Imagine living your life in isolation, feeling like everything and everyone around you are trying to inflict harm on you.
Doesn’t sound like a good life, does it?
While all of this may sound like a very paranoid way of living for us, there are actual people living like that because of a disorder called schizotypal personality disorder.
Many people confuse this disorder with schizophrenia. However, both of these are different to each other.
Schizotypal Personality disorder, like any other personality disorder, is a chronic mental illness.
People suffering with this disorder experience strange patterns of thinking and behaving.
As a result, they struggle to form close relationships with others.
Living with schizotypal personality disorder is a constant struggle.
They usually don’t understand how any type of relationships work.
It is really hard for them to make sense of how their way of behaving impacts other people around them.
They tend to misunderstand other’s motivations and develop a general mistrust over everyone.
These problems ultimately lead to severe anxiety and make them unable to respond appropriately to social cues.
Schizotypal personality disorder affected approximately 3% of the general population.
Also it is found to be more common in males than female.
This disorder is typically diagnosed in early adulthood and is likely to endure throughout the lifetime.
However with proper treatment and therapy there are chances that the symptoms may improve.

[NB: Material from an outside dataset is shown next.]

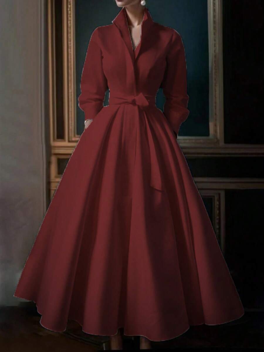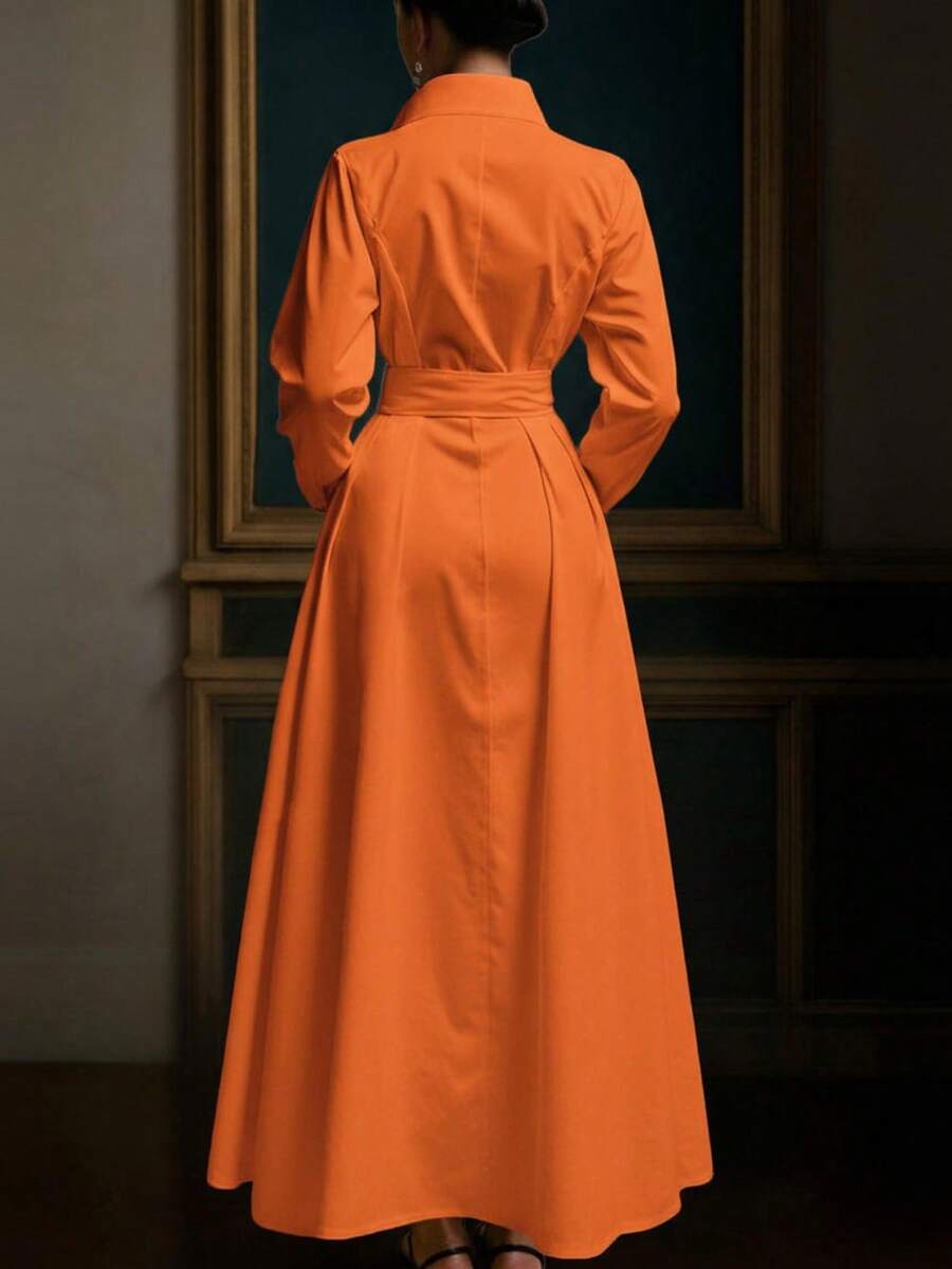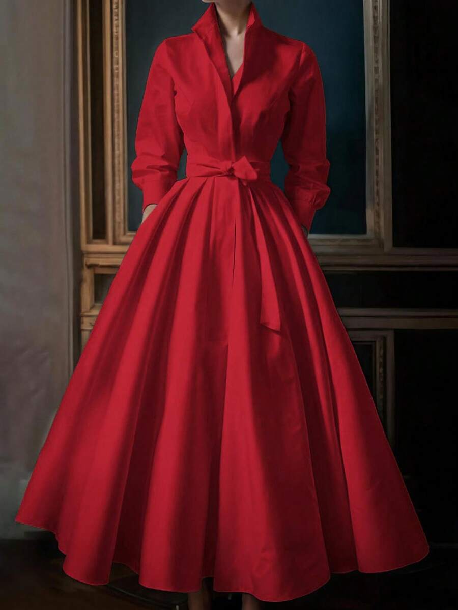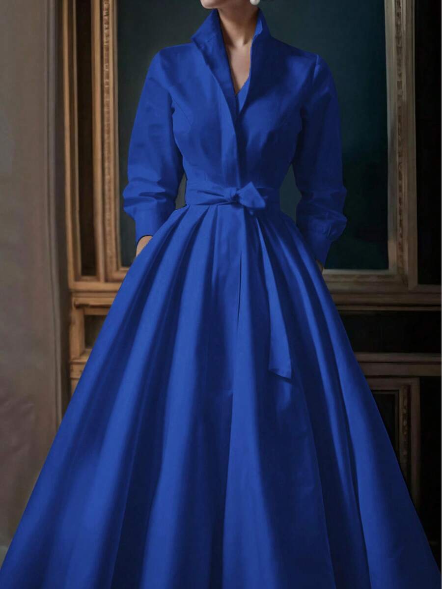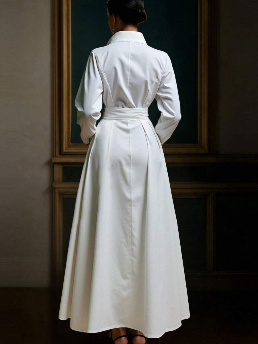 Unadoll Women’s Elegant White Shirt Collar Waistband Dress

While the main cause behind the schizotypal personality disorder is unknown, there are high chances that the change in the way the brain functions, genetics, environmental influences and learnt behavior plays a vital role behind its cause.

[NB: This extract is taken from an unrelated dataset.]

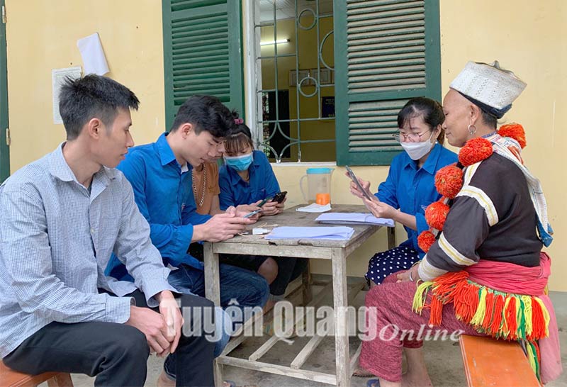 Các thành viên Tổ công nghệ số xã Minh Hương (Hàm Yên) hướng dẫn người dân cài đặt ứng dụng dịch vụ công trực tuyến.

A person having any of his family members suffering from schizophrenia are at higher risk of suffering this disorder than those who don’t have any.

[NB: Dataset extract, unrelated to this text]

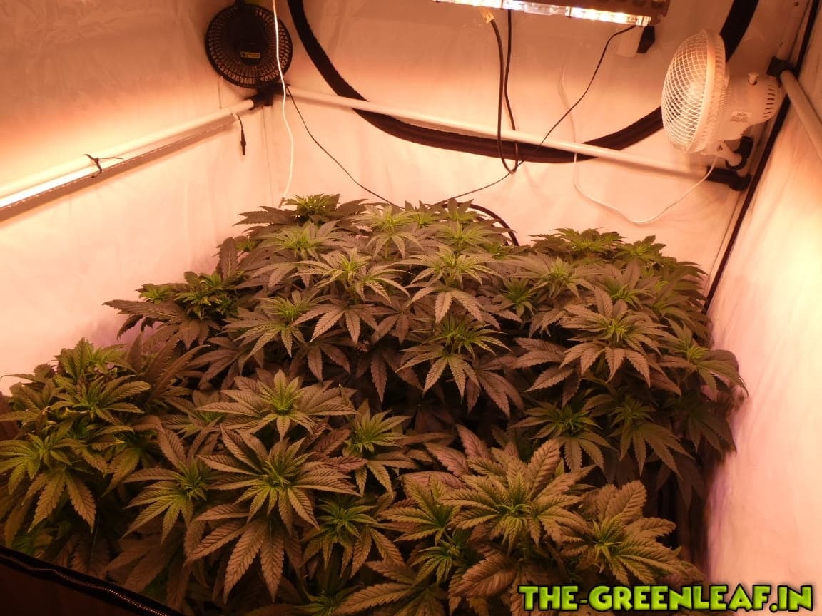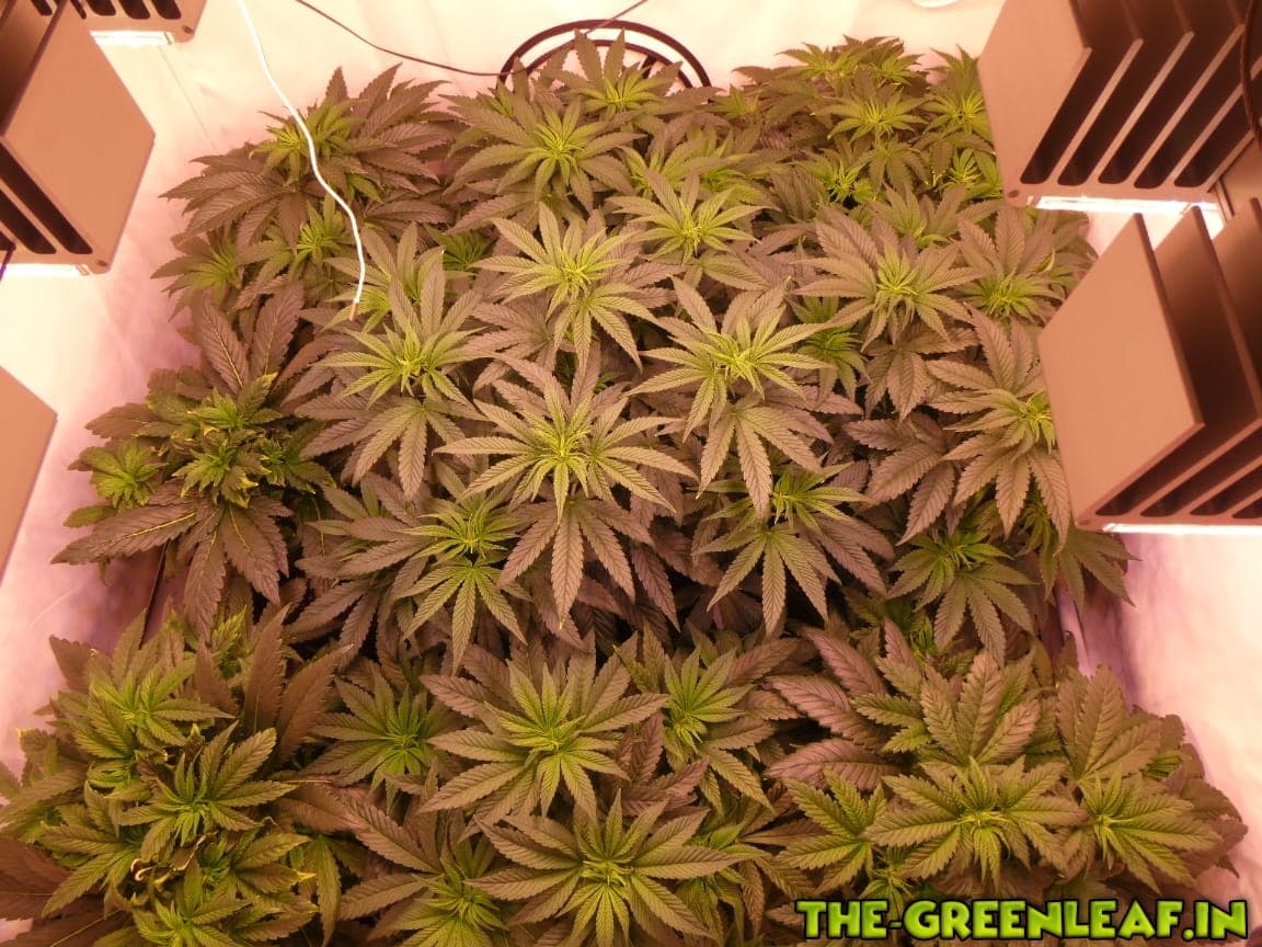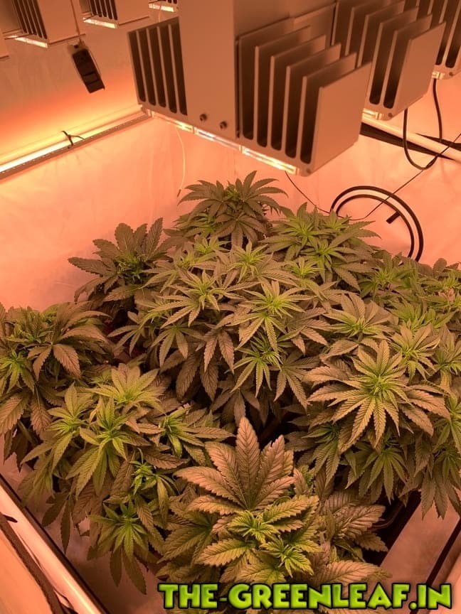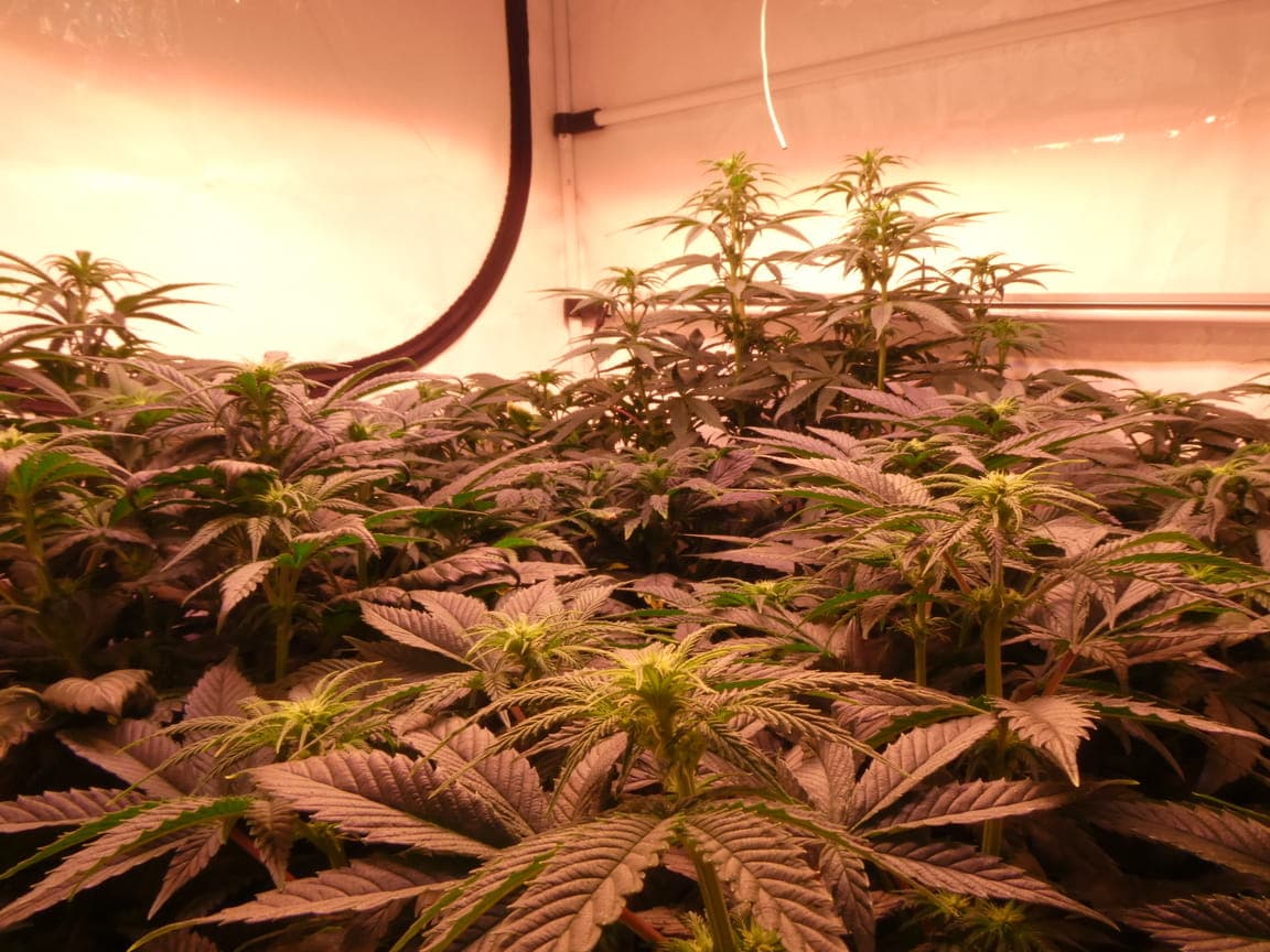 Hab die 24k nach dem Toppen nochmal ein bisschen runtergebunden , damit sie mehr in die Breite gehen und die Nachzügler näher an der Lampe sein können.

Evidences also suggest that parenting styles, early separation, trauma/maltreatment history especially early childhood neglect might result in development of schizotypal traits.
Over time, children usually learn to interpret social cues and respond appropriately but for unknown reasons this process does not seem to work well for children suffering with this disorder.
Usually schizotypal personality disorder also co-occurs with major depressive disorder, dysthymia and generalized social phobia.
Other personality disorders that co-occur most often with schizotypal personality disorder are schizoid, paranoid, avoidant and borderline.
As mentioned earlier schizotypal personality disorder is usually diagnosed early in adulthood.
If your doctor suspects that you have this disorder, they’ll start by giving you a physical examination to check for physical conditions that could possibly be the cause your symptoms.
They might also ask about the symptoms that you might have been experiencing and whether any other of your family members have personality disorders.
So it will be wise to take a friend or family with you who can answer about your behavioral changes and the medical history of your family.
Then, If the doctor does not find any physical reason for the symptoms, he or she might refer you to a psychiatrist or psychologist or health care professionals who are specially trained to diagnose and treat mental illnesses.
Psychiatrists and psychologists will use specially designed interview and assessment tools to evaluate whether you have a personality disorder or not.
The treatment for Schizotypal Personality Disorder involves a combination of psychotherapy and medication.
Till now, there is very little research done about the use of psychotherapy with Schizotypal Personality Disorder patients.
Psychotherapy includes psycho-education about social skills as well as cognitive-behavioral techniques that can help patients identify and challenge negative or distorted patterns of thinking.
Family therapy might also help educate family members about the disorder, improve communication, and address patterns which increase anxiety for the individual and comparatively help them live an easier life.
Currently, Food and Drug Administration haven’t approved any medications for the treatment of schizotypal personality disorder.
However, doctors may prescribe antipsychotic medications, antidepressants, mood stabilizers, or anti-anxiety medications to help with symptoms.
Stimulants often used to treat attention problems can also sometimes be found useful in patients suffering with this disorder.
Treatment may also include addressing some of the complications of the disorder, which includes increased anxiety, substance abuse, and suicidal thoughts and behaviors.
Overall, symptoms tend to improve when people with schizotypal personality disorder begin to build stronger relationships and a sense of self-efficacy at school, work, or in other interests.
Life for the patients of schizotypal personality disorder is very difficult at its own but with proper treatment and support of family, living shall become a little more easy for them.